— Task prompt —
Pictures stay out of the copy. Retype exactly, and only, the lines from the one containing "Alpines Museum, Praterinsel" through the end of the listing below.

— Materials provided —
--- START ---
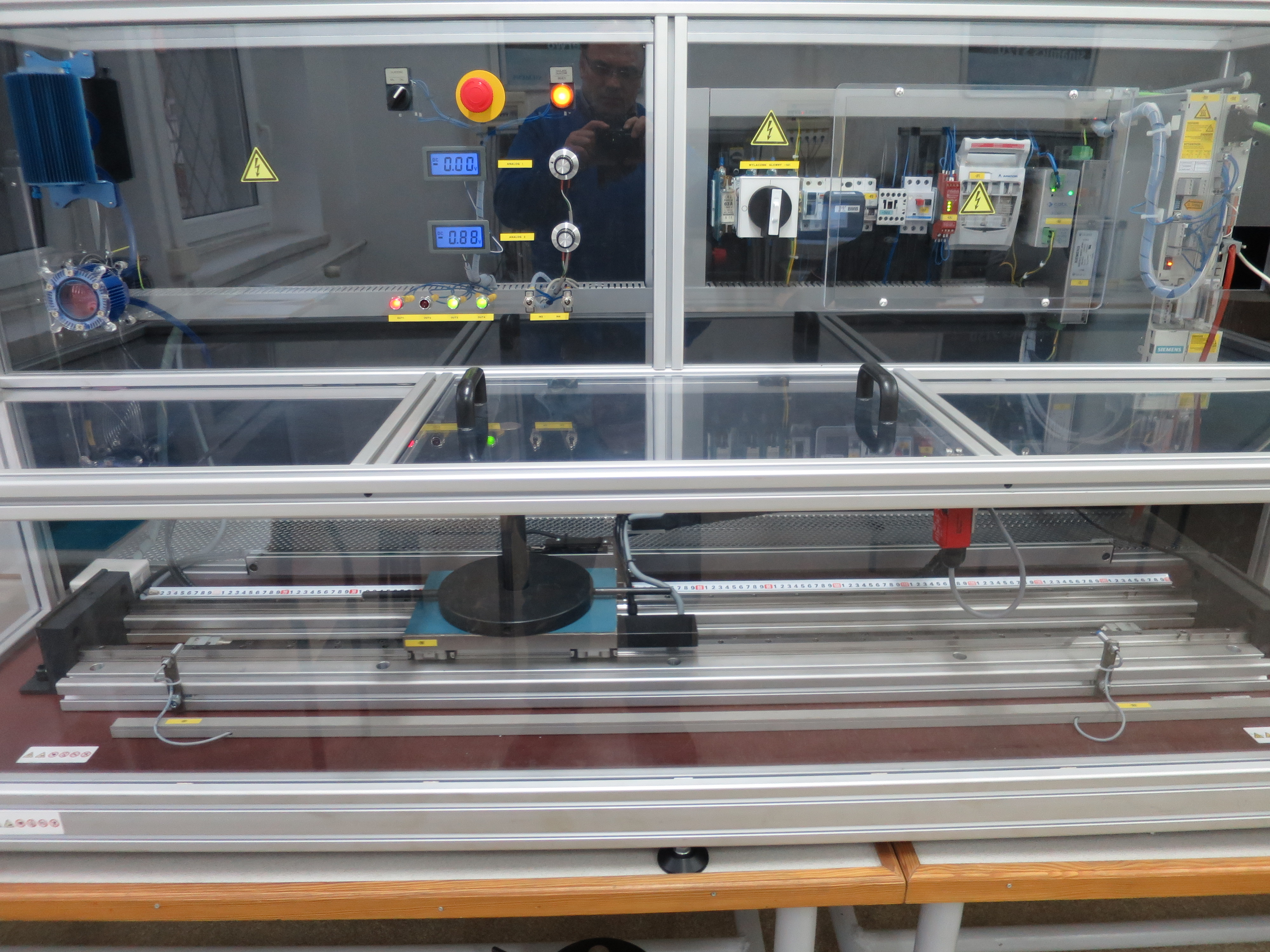 The laboratory stand for testing linear motor
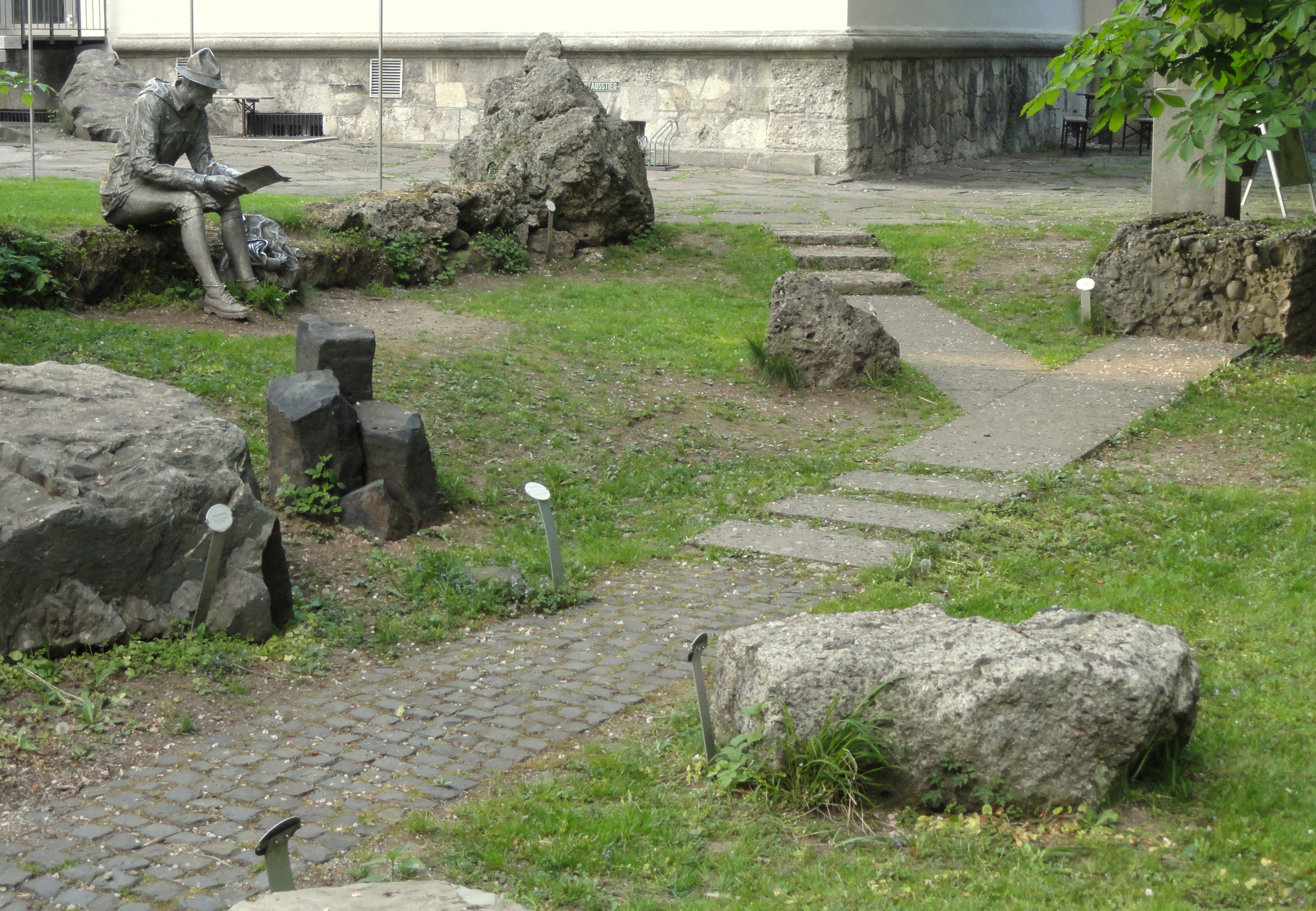 Alpines Museum, Praterinsel 5, Munich, Germany.
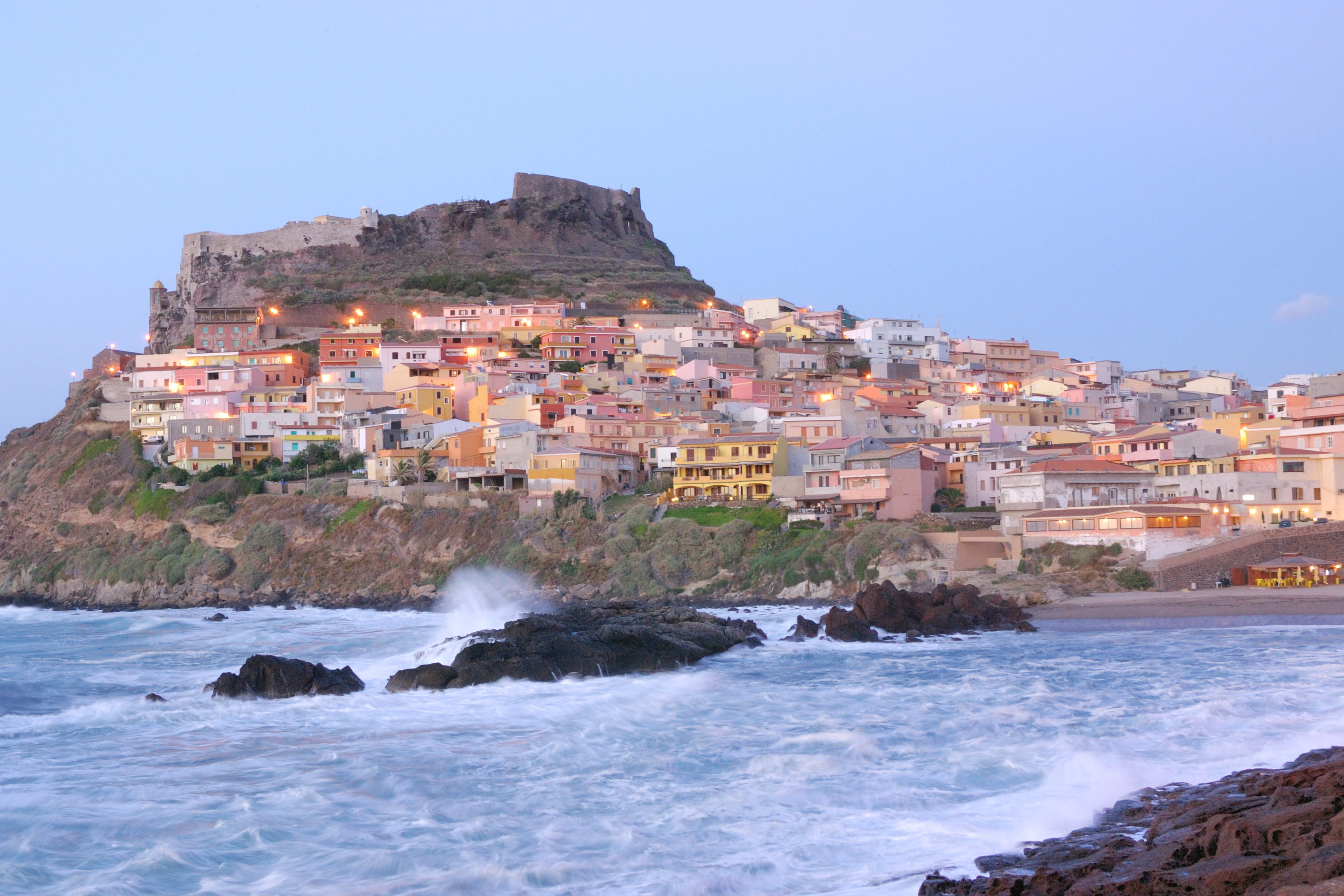 View of Calstelsardo town and its castle from "Via Lungomare Anglona"
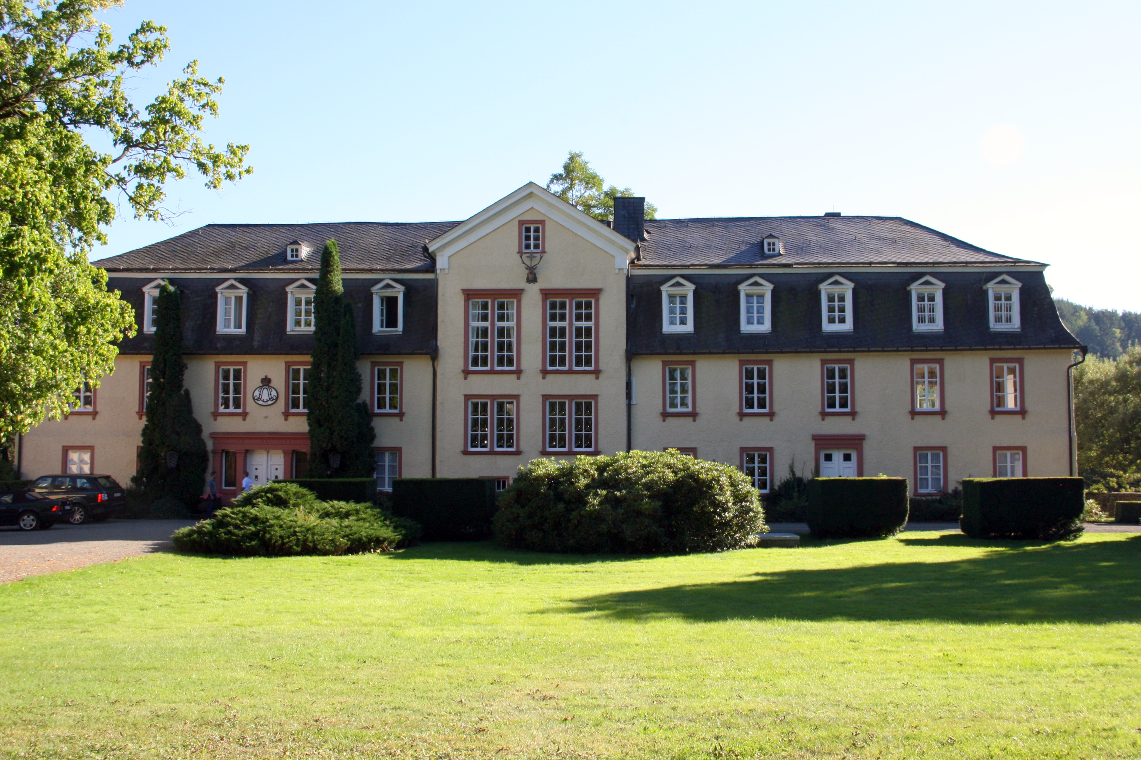 Cultural heritage monument in Bad Berleburg
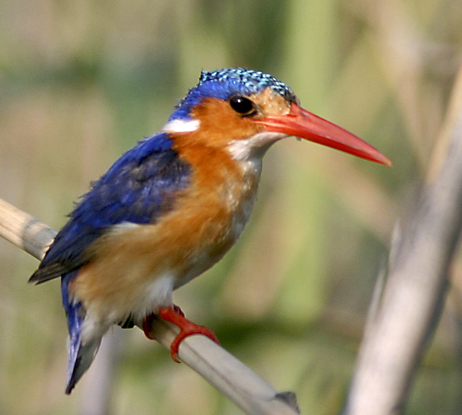 This photograph of a Malachite Kingfisher was taken in the Okovango Delta in Botswana, Africa.
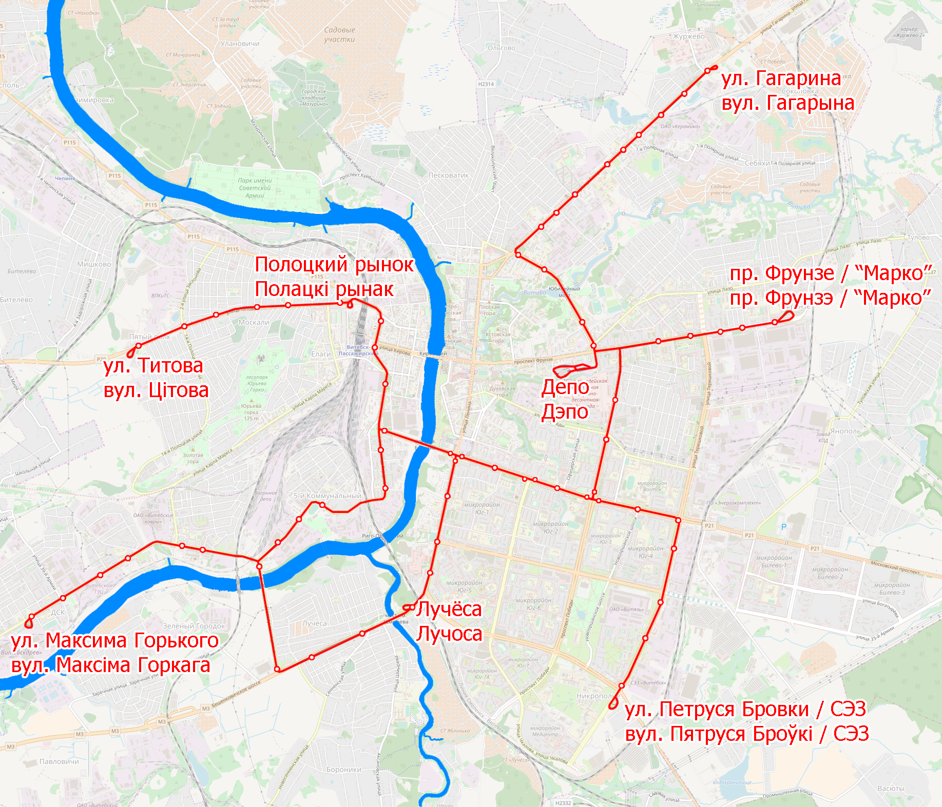 Tram map of Viciebsk (Vitebsk / Witebsk), Belarus. Names of the ending stations are given in Russian and Belarusian
--- END ---
— Expected output —
 Alpines Museum, Praterinsel 5, Munich, Germany.
 View of Calstelsardo town and its castle from "Via Lungomare Anglona"
 Cultural heritage monument in Bad Berleburg
 This photograph of a Malachite Kingfisher was taken in the Okovango Delta in Botswana, Africa.
 Tram map of Viciebsk (Vitebsk / Witebsk), Belarus. Names of the ending stations are given in Russian and Belarusian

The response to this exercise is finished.